Matéo Maximoff

Matéo (geboren ca. 17. Januar 1917 in Barcelona; gestorben am 25. November 1999 in Romainville, Frankreich), über Publikationen auch als Matéo Maximoff bekannt, ist als erster Schriftsteller unter den Roma in Frankreich bekannt geworden. Der Roman Les Ursitory war sein erster Roman, der auch auf Deutsch erschienen ist. Andere Erzählungen erschienen teilweise zweisprachig (auch auf Romani). Außerdem schrieb er einen Begleittext zu dem Bildband Tsiganes – Wanderndes Volk auf endloser Straße.

Leben

Herkunft

Matéos Vater gehörte zur Gruppe der Kalderasch, seine Mutter war eine Manouche aus der Familie der Renard. Matéos Urgroßvater wanderte nach der Aufhebung der Vlach-Roma-Sklaverei in Rumänien nach Russland aus. Die Familiengeschichte erzählt, dass er in Timișoara an der Straße ein zwölfjähriges jüdisches Mädchen fand. Er nahm das Mädchen auf und heiratete sie später.
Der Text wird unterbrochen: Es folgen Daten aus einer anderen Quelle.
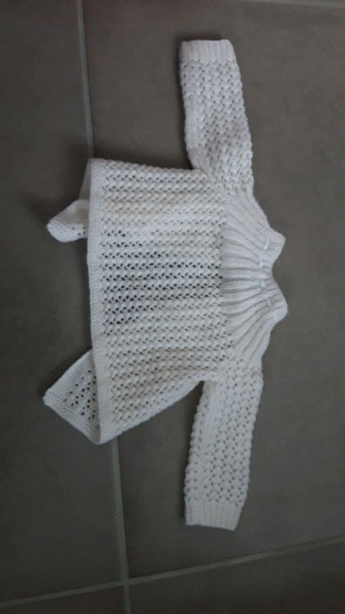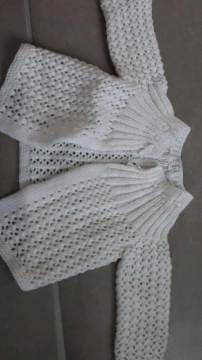 Bonjour, Je vends une Brassière/gilet tricoté de couleur blanc/écru sans pression ni bouton idéal pour la naissance de bébé couleur mixte.

Er nannte sich Maximoff, weil er 2,10 Meter groß und 160 Kilogramm schwer war. 1910 starb er im Alter von 98 Jahren. Matéos "Nachname" Maximoff auf Buchtiteln stammt – um der Konvention auf Buchtiteln zu entsprechen – von dem Namen jenes Großvaters.
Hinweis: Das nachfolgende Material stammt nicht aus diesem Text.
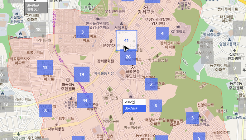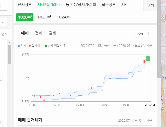 혹시 지도 위에서 바로 시세가 보이지 않는다면, 마우스 휠을 굴리면서 지도를 적당히 확대해주세요. 그럼 데이터가 보이기 시작할 거예요. 그리고 보다 상세한 정보들을 열람하고 싶으시다면, 관심을 두는 위치와 항목에 마우스 커서를 올려주세요. 그럼 작은 화면이 열리는데, 여기에서 실거래가를 클릭하면 됩니다.

Matéos Großvater verdiente seinen Lebensunterhalt in Russland als wandernder Musiker und Kesselflicker. Matéos Vater und Onkel wurden in Sibirien geboren. Kurz vor dem Ersten Weltkrieg zog der Großvater mit seiner Frau und seinen 14 Kindern nach Spanien. Ein anderer Teil der Familie zog nach Polen.

Kindheit und Jugend

Matéos Familie reiste im Wohnwagen als Kesselmacher durch Spanien. Sein Vater heiratete eine Manouche, eine Cousine des berühmten Jazz-Gitarristen Django Reinhardt. Matéo wurde um den 17. Januar 1917 im Barri Xino, dem damaligen Rotlichtviertel von Barcelona, geboren. Als er drei Jahre alt war, wanderte seine Familie nach Frankreich. Matéo sprach Romani, Spanisch und Französisch. Sein Sprachentalent hatte er vom Vater geerbt, der angeblich 23 Sprachen beherrschte. Sein Vater hatte als Soldat in Russland auch Lesen und Schreiben gelernt, als einziger in der Familie. Er zeigte seinem Sohn die Buchstaben und Ziffern. Den Rest brachte Matéo sich selber bei.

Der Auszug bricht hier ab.